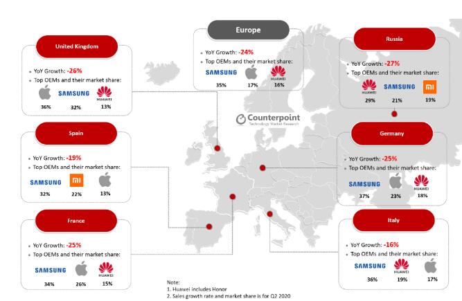 根据研究公司Counterpoint的数据,2020年第二季度欧洲的智能手机市场比去年下降了24%,比上一季度下降了22%。在欧洲市场上,三星是领先的公司,按销售量计算,其销售份额为35%,其次是苹果,份额为17%,华为位居第三,份额为16%。
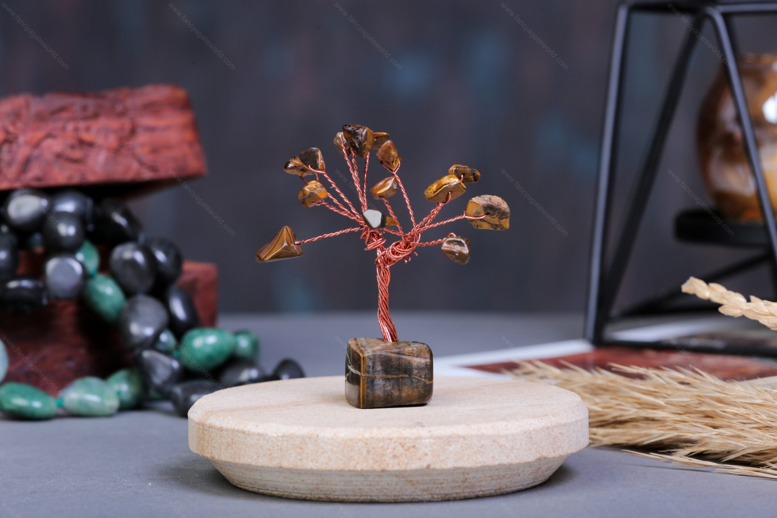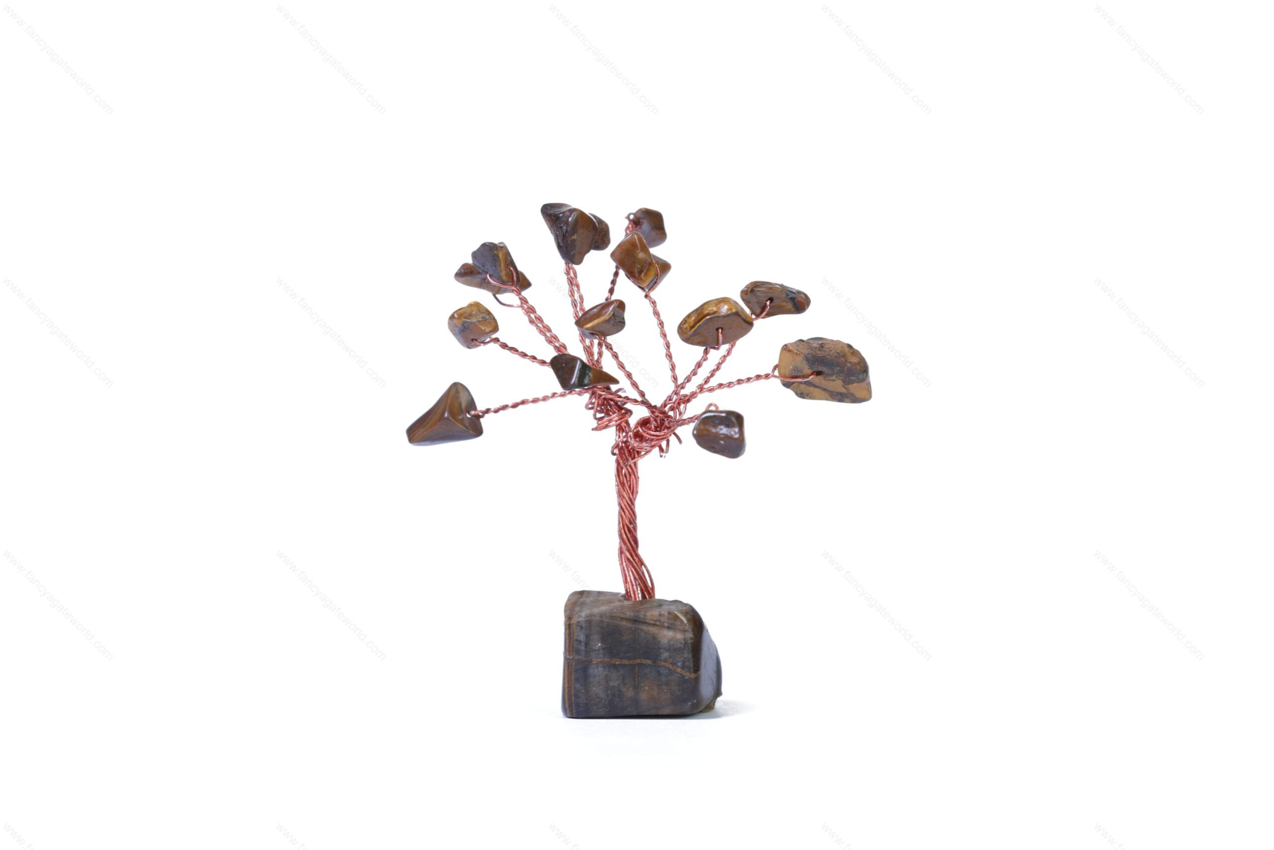 Tiger Eye Chips and Rock Base Energy Tree For Office and Home Decor
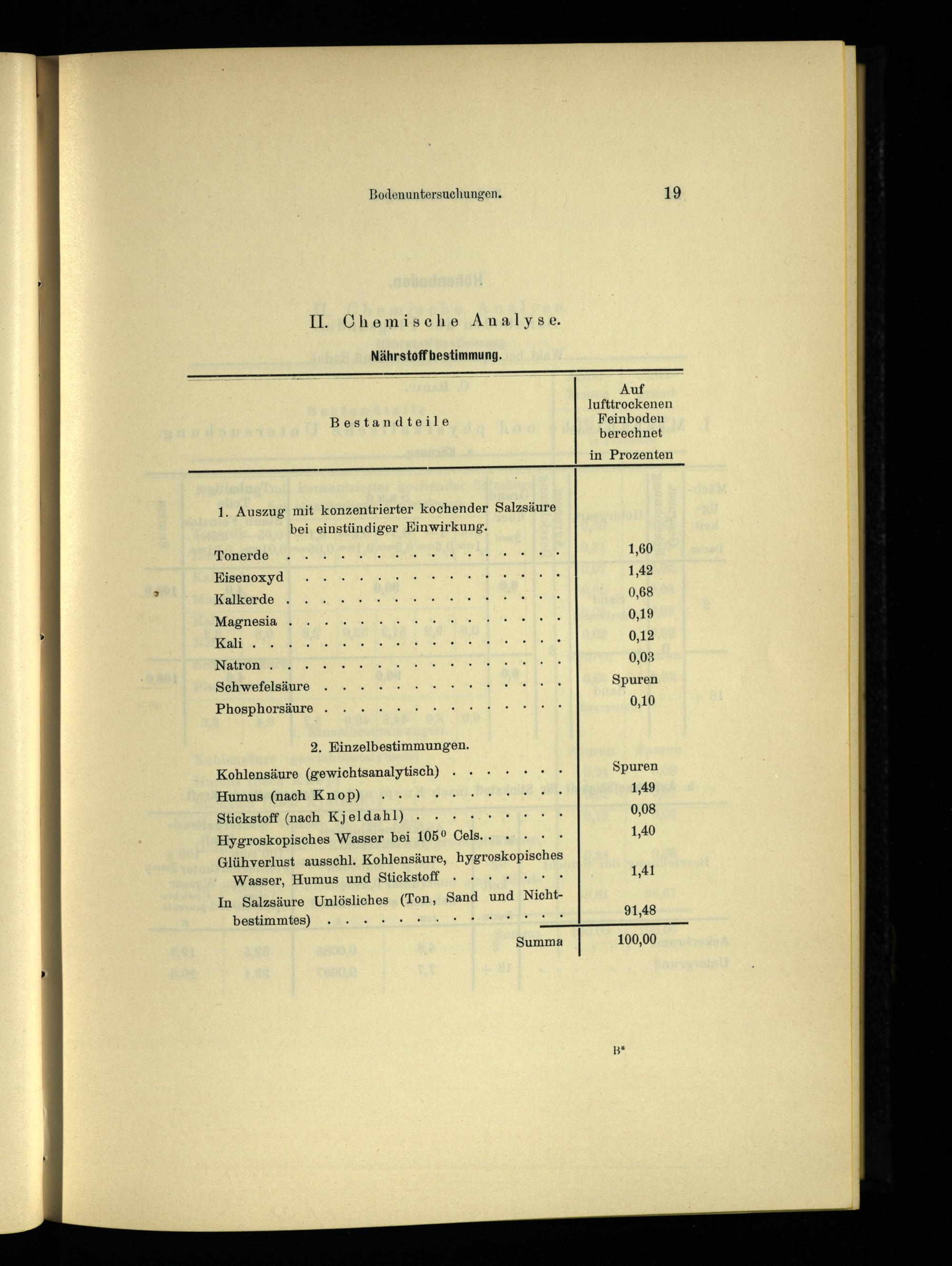 Glühverlust ausschl. Kohlensäure, hyeroekoP Sch Wasser, Humus und Stickstoff
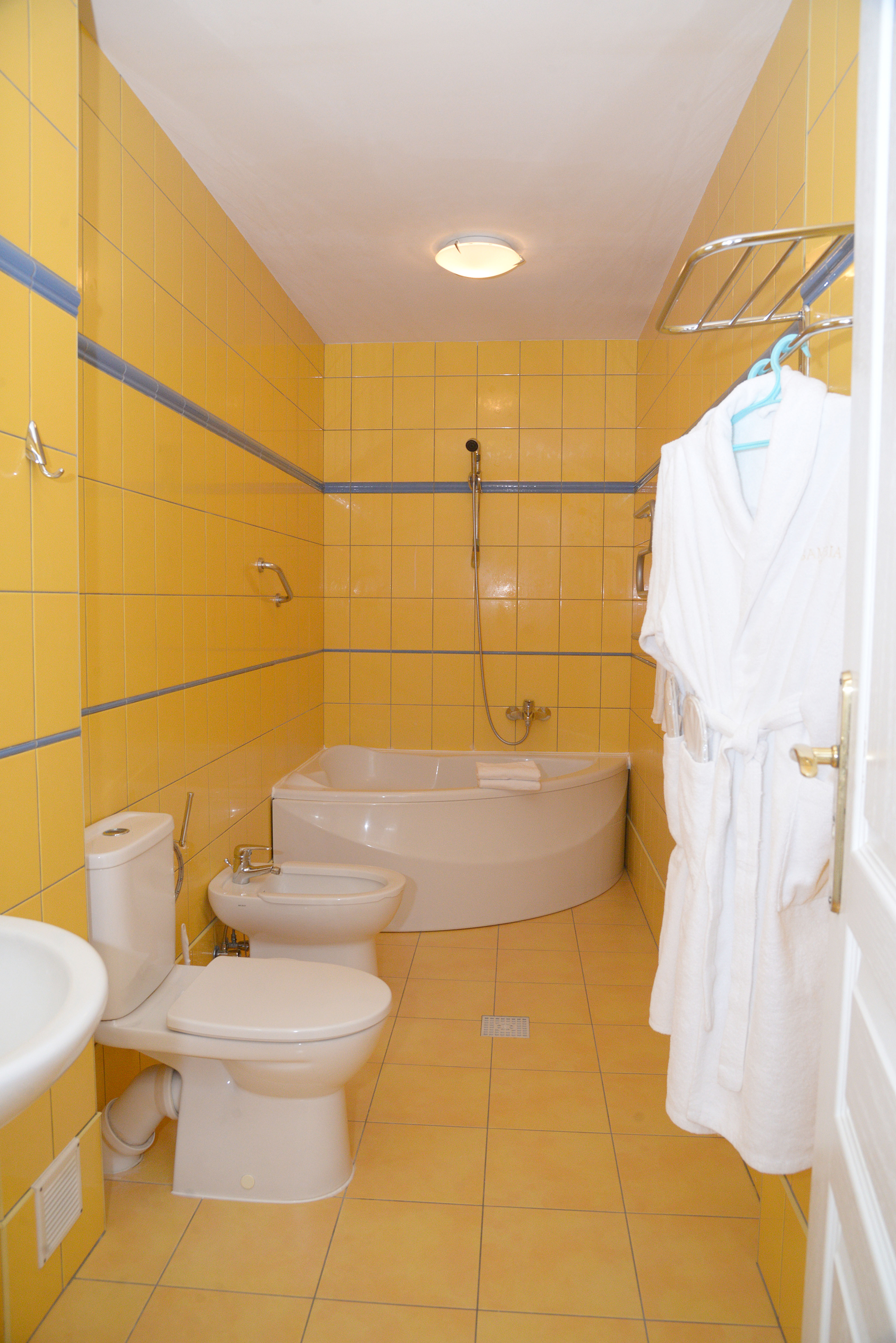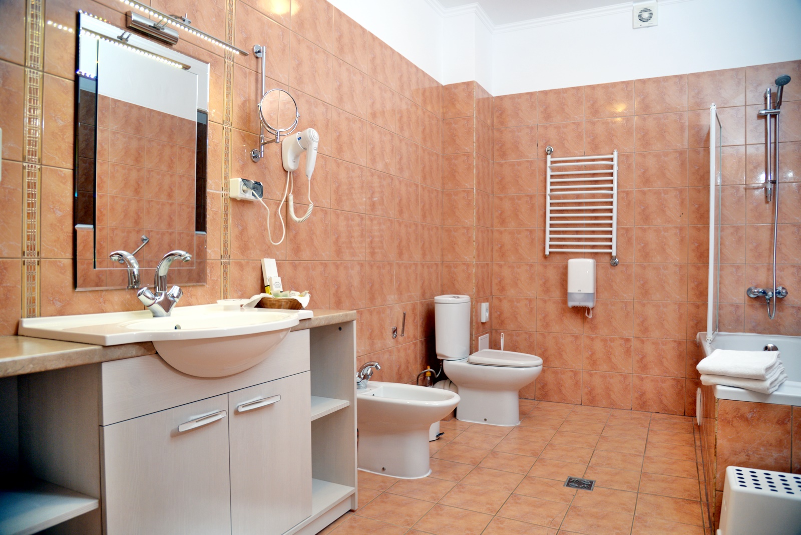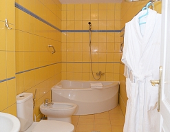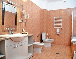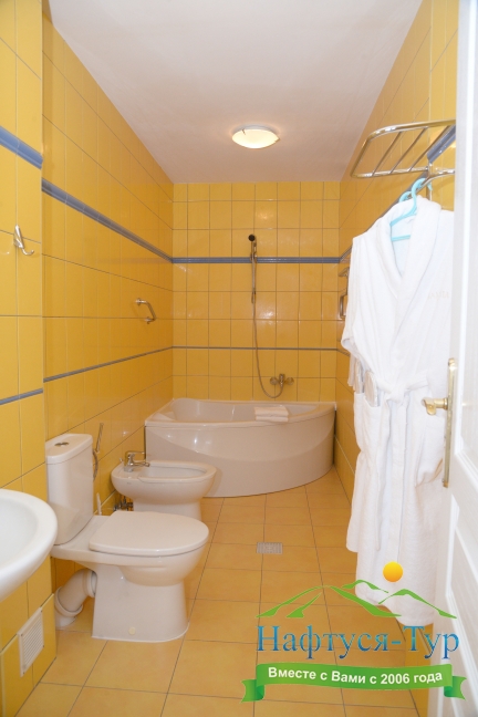 биде, с ванной, тапочки, туалетные принадлежности, фен, халат
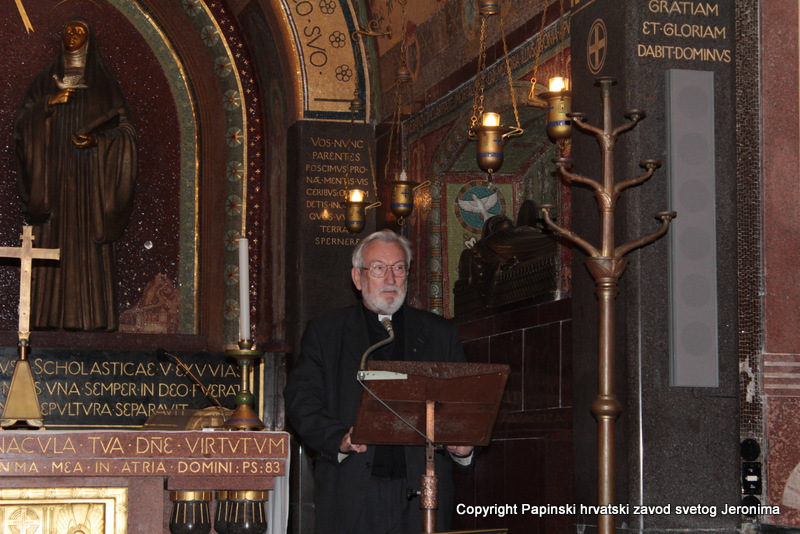 Nakon razgledavanja samostana svećenici iz Zavoda sv. Jeronima sudjelovali su u koru bazilike s monasima na latinskoj pjevanoj molitvi večernje. Potom je duhovnik o. Mihály Szentmártoni DI održao prigodno razmatranje nad grobovima sv. Benedikta i sv. Skolastike. U svome izlaganju o. Szentmártoni je usporedio benediktinsku i isusovačku duhovnost kroz tri vida: molitvu, rad i mistiku. Za benediktinca je molitva – bogoslužje. On živi u samostanu okružen prirodom, u molitvi se povlači iz užurbanosti i kaotičnosti svijeta posvećujući vrijeme Bogu. Ritam života određen je ritmom molitve. Za isusovca molitva je pak izvor snage, „trampolin s kojega skače u nove avanture“. Isusovac ne živi u samostanu, nego u rezidenciji usred grada. Njegov je ritam života određen radom koji postaje molitva. Slično je i po pitanju rada: u benediktinaca prevladava rad unutar samostana na korist samostana pokazujući da rad ima svoju unutarnju vrijednost, dok isusovac djeluje izvan zidina svoga doma želeći osvojiti ljude za Krista. Isto tako s obzirom na mistiku, može se reći sažeto da benediktinac želi Boga dati ljudima, a isusovac nastoji ljude dovesti k Bogu, istaknuo je među ostalim o. Szentmártoni. Zaključio je da dijecezanski svećenik u svome identitetu sadrži snažne elemente, kako benediktinske tako i isusovačke duhovnosti. Dijecezanski svećenik ostvaruje sklad između molitve i rada, tiho izgrađuje Božje kraljevstvo, istovremeno traži i nove putove. Pouzdaje se u svjetlo odozgor i ima hrabrosti za nove apostolske pothvate.

□ □ □ □ □ □ □

=== AIM OF THE TASK ===
Every line above should be transcribed exactly, though no image should be carried over.

=== REPLY ===
 根据研究公司Counterpoint的数据,2020年第二季度欧洲的智能手机市场比去年下降了24%,比上一季度下降了22%。在欧洲市场上,三星是领先的公司,按销售量计算,其销售份额为35%,其次是苹果,份额为17%,华为位居第三,份额为16%。
 Tiger Eye Chips and Rock Base Energy Tree For Office and Home Decor
 Glühverlust ausschl. Kohlensäure, hyeroekoP Sch Wasser, Humus und Stickstoff
 биде, с ванной, тапочки, туалетные принадлежности, фен, халат
 Nakon razgledavanja samostana svećenici iz Zavoda sv. Jeronima sudjelovali su u koru bazilike s monasima na latinskoj pjevanoj molitvi večernje. Potom je duhovnik o. Mihály Szentmártoni DI održao prigodno razmatranje nad grobovima sv. Benedikta i sv. Skolastike. U svome izlaganju o. Szentmártoni je usporedio benediktinsku i isusovačku duhovnost kroz tri vida: molitvu, rad i mistiku. Za benediktinca je molitva – bogoslužje. On živi u samostanu okružen prirodom, u molitvi se povlači iz užurbanosti i kaotičnosti svijeta posvećujući vrijeme Bogu. Ritam života određen je ritmom molitve. Za isusovca molitva je pak izvor snage, „trampolin s kojega skače u nove avanture“. Isusovac ne živi u samostanu, nego u rezidenciji usred grada. Njegov je ritam života određen radom koji postaje molitva. Slično je i po pitanju rada: u benediktinaca prevladava rad unutar samostana na korist samostana pokazujući da rad ima svoju unutarnju vrijednost, dok isusovac djeluje izvan zidina svoga doma želeći osvojiti ljude za Krista. Isto tako s obzirom na mistiku, može se reći sažeto da benediktinac želi Boga dati ljudima, a isusovac nastoji ljude dovesti k Bogu, istaknuo je među ostalim o. Szentmártoni. Zaključio je da dijecezanski svećenik u svome identitetu sadrži snažne elemente, kako benediktinske tako i isusovačke duhovnosti. Dijecezanski svećenik ostvaruje sklad između molitve i rada, tiho izgrađuje Božje kraljevstvo, istovremeno traži i nove putove. Pouzdaje se u svjetlo odozgor i ima hrabrosti za nove apostolske pothvate.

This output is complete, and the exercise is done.